Coinbase, in a petition to the US Securities and Exchange Commission (SEC), has sought clarity on regulations surrounding the trading of digital assets. The crypto exchange requested the regulator to provide rules to identify which digital assets it considers to be securities.
The petition described digitally native securities as being recorded and transferred via distributed ledger technology without reliance on centralized certified forms of ownership that characterize traditional financial instruments. It stated that transactions are executed and settled in real-time, permanently recorded on blockchains, and visible with equal access to all market participants. The petition highlighted that many of the SEC’s rules governing traditional assets are incomplete and unsuitable.

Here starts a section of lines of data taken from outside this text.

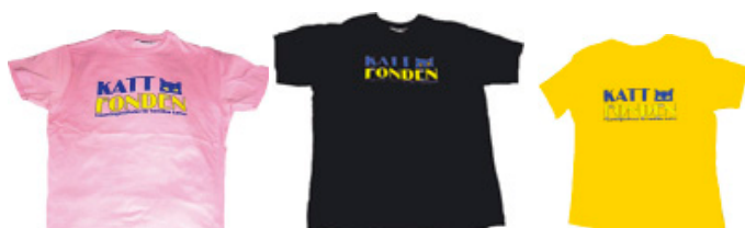
ROSA TJEJTOPP, storlek S – XL. SVART T-TRÖJA, storlek XS och S. GUL TJEJTOPP (OBS! små i storlekarna!), storlek S – XL. PRIS: 160:- + porto 25:- oavsett antal.
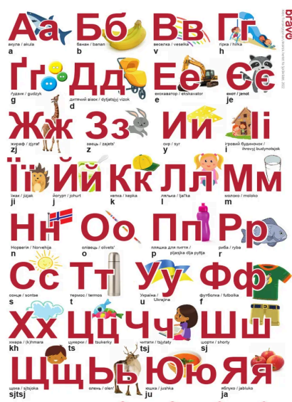
det kyrilliske alfabetet
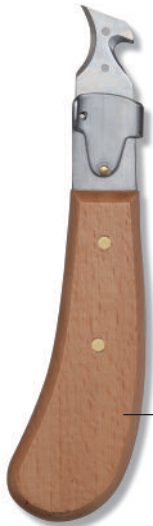
311/22 Einschneideklinge Incision Blade
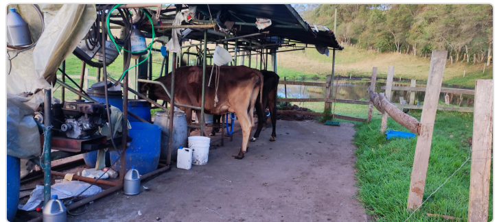
Figura 4. Lugar del ordeño finca el Encenillo.
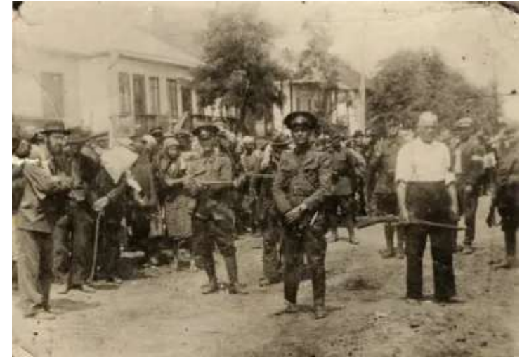
Бричева, Бессарабия, 1941 г. Евреи перед депортацией в Транснистрию

Осенью 1941 года левобережье Днестра покрылось сетью концлагерей и гетто, где были размещены евреи, прибывшие из Бессарабии, Буковины и некоторых районов Украины. Также здесь находились евреи, проживавшие в Приднестровье. Регион стал свидетелем самых страшных зверств и преступлений. Во всех гетто узники подвергались унижениям, насилию, издевательствам и систематическому уничтожению. Условия содержания были нечеловеческими: голод, холод, болезни и произвол охраны ежедневно уносили тысячи жизней. Помимо евреев жертвами политики геноцида стали и цыгане. Десятки тысяч из них были замучены, расстреляны или погибли в лагерях и гетто.
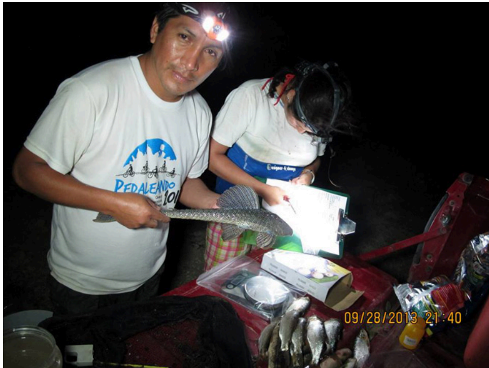
Monitoreando de noche peces en el río Daule, provincia del Guayas, Ecuador, septiembre de 2013 (ambas fotografías)
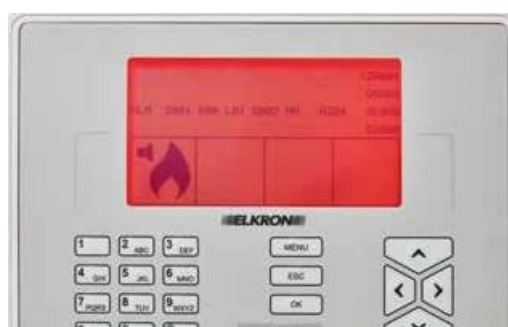
VERMELHO Sistema em alarme
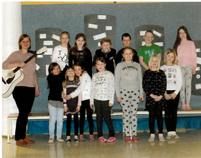
Pred tekmovanjem so učenci konjiške OŠ Pod goro tekmovalce pozdravili s kulturnim programom.
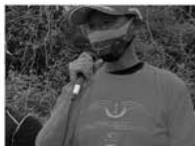
2022バージョンウィクトリーTシャツ初披露も優勝するともらえます。大会ごとき色変更。
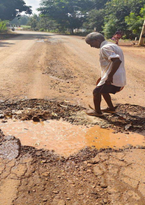
గురికాకుండా స్పందించి సమస్యలు పరిష్కరించాలని కోరుతున్నారు.
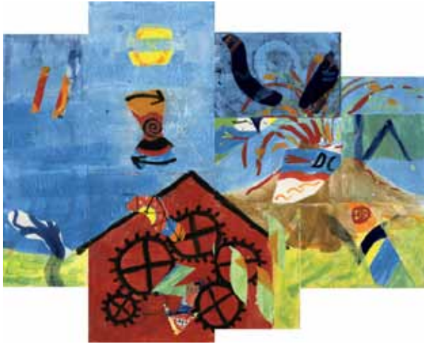
▲ Netzwerkbild DB Energie · ca 1,5 x 1,2 m · 11 Teilnehmer
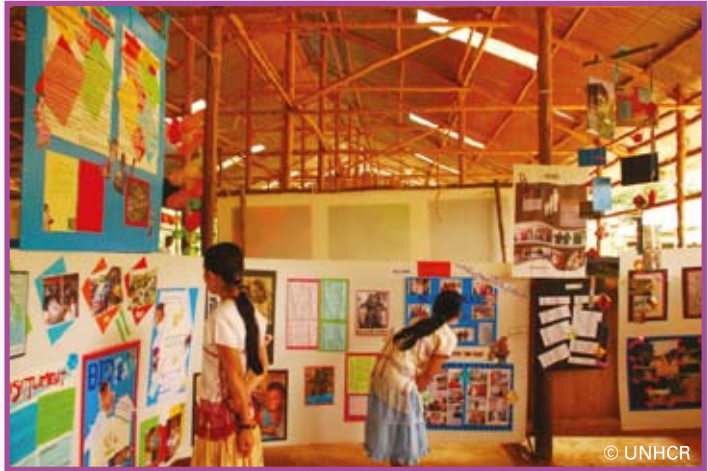
นิทรรศการเกี่ยวกับสิทธิของผู้ลี้ภัยจัดโดยยูเอ็นเอชซีอาร์
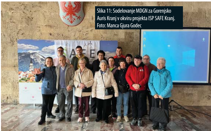
Slika 11: Sodelovanje MDGN za Gorenjsko Auris Kranj v okviru projekta ISP SAFE Kranj.
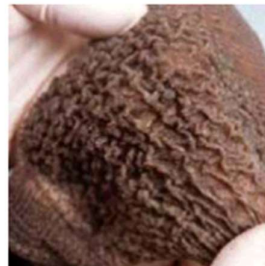
Slika 2. Prikaz razvoja papila buraga ovisno o režimu hranidbe
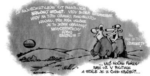
Kresba: Pavel Jakubec. HN 9. 3. (Máme za čo byť hrdí na svoju vlasť a jej robotný ľud.)
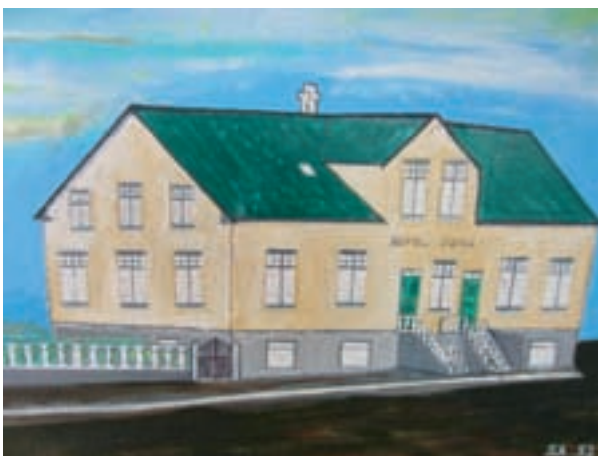
Hótel Berg. Málað af Sigmundi 1982.
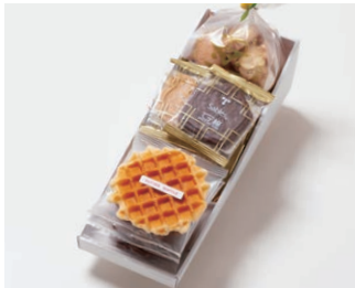
G3-Cセット ¥2,800 (税込 ¥3,024)

サブレ10枚 (バター、ココア各3枚、ココナッツ、黒ごまココア各2枚) ワッフル5枚 (バター3枚、ココア2枚) アソートクッキー 130g
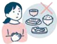
特定健診における地区別朝食欠食状況

県平均と比較（朝食を食べていないと答えた人が多いほど濃いピンク色、少ないほど濃い青色）した結果、高根地区（女性）を除き朝食を食べていない人が多いことがわかりました。中には県平均の1.5倍も多い地区もありました。
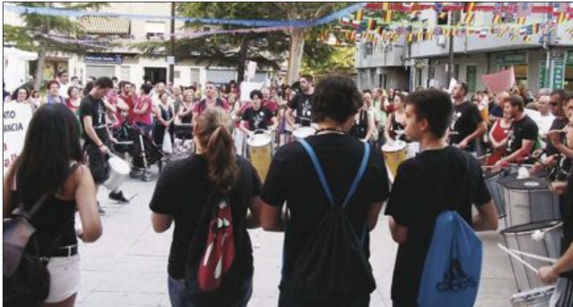
El grupo de batukada Trencatoms se unió a la concentración de protesta del 23 de julio en la plaza Reyes
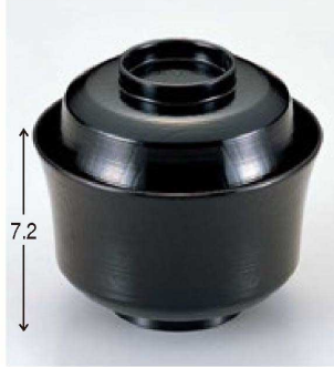
⑬ W-4-47 TM 3.6寸羽反千筋吸椀 黒 ¥2,300 (11φ×10) 椀100 290cc 155g
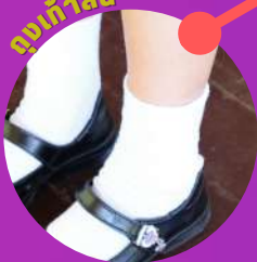
ถุงเท้ายาว
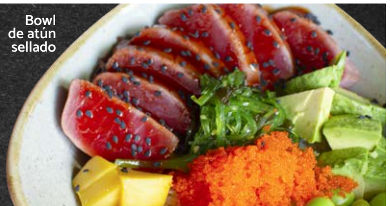
Bowl de atún sellado
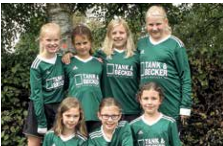
TSV Essel - 2. Platz.
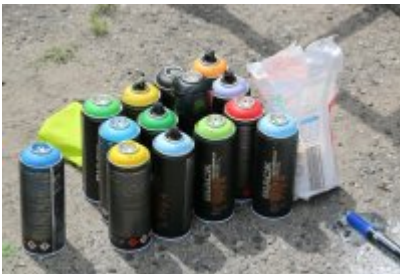
• XII Graffiti Jam
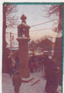
KAPLIČKA V SRBINĚ
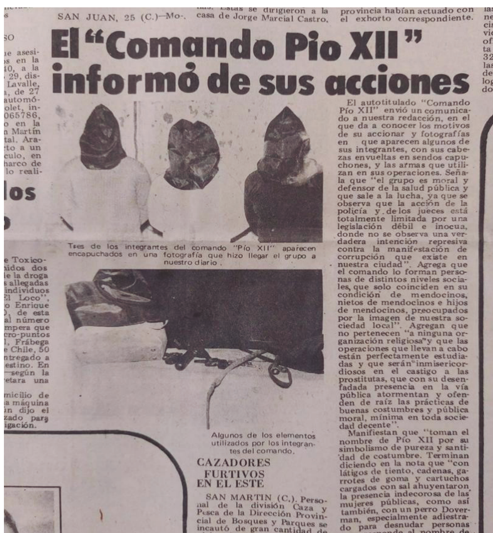
Diario Mendoza, 26 de julio de 1975

La persecución de prostitutas ilumina varias cuestiones. En primer lugar, de qué modo la dimensión de género actuó en la trama represiva y cómo las violencias estructurales se articularon con las coyunturales. Si bien los castigo hacia mujeres y cuerpos feminizados por parte de las policías no fueron una novedad, se acrecentaron notablemente y el modus operandi adquirió formas desconocidas tales como: golpizas con palos y cadenas en la vía pública por parte de encapuchados, rapado de mujeres y realización de marcas infamantes en sus cuerpos, abandono de cadáveres calcinados en lugares utilizados por la violencia paraestatal como depósito de cuerpos, colocación de bombas en cabarets y razzias policiales masivas que derivaban en la detención de prostitutas alojadas en el Centro Clandestino de Detención (CCD) D2 (Departamento de Informaciones) lugar en el que eran sometidas a abusos y torturas.
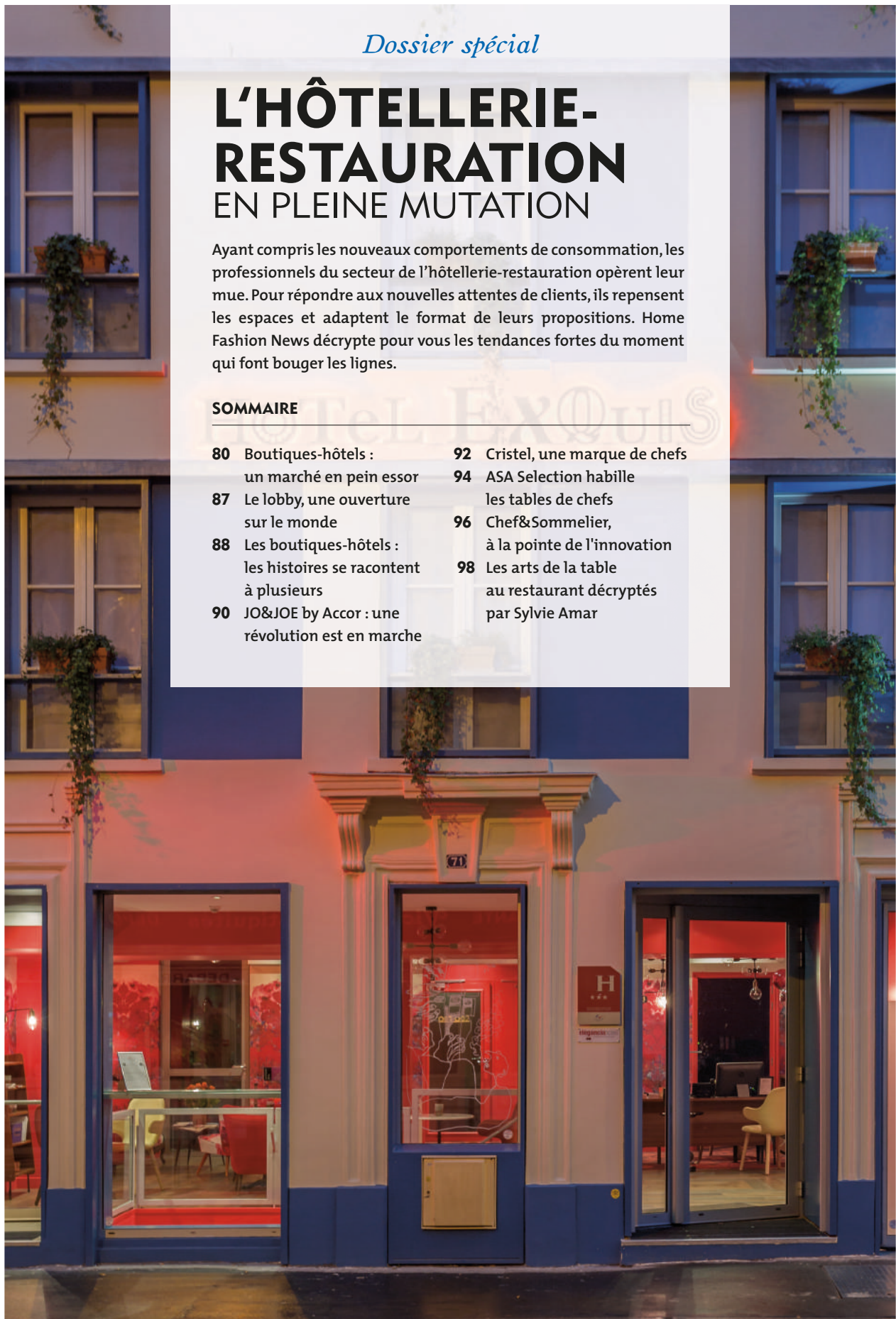
Hotel Exquis Paris

Coinbase believes that the US does not currently have a functioning market in digital asset securities because of a lack of a clear and workable regulatory regime. Gary Gensler, the SEC chair, says most digital assets qualify as securities. As such, it requires registration with the regulator. However, the watchdog has refused to positively identify each token that fits the securities definition. SEC argues that it has done the same for other markets as well. It has labeled nine tokens, with the largest being an Ethereum-based token called Amp, as securities.
Carolyn M. Welshhans, Acting Head of SEC’s Crypto Assets Unit, in a statement, said the defendants (former Coinbase product manager Ishan Wahi, his brother, and a friend of insider trading) collectively earned over $1.1 million in illegal profits. They had engaged in an alleged insider trading scheme that used material, non-public information to trade ahead of Coinbase listing announcements.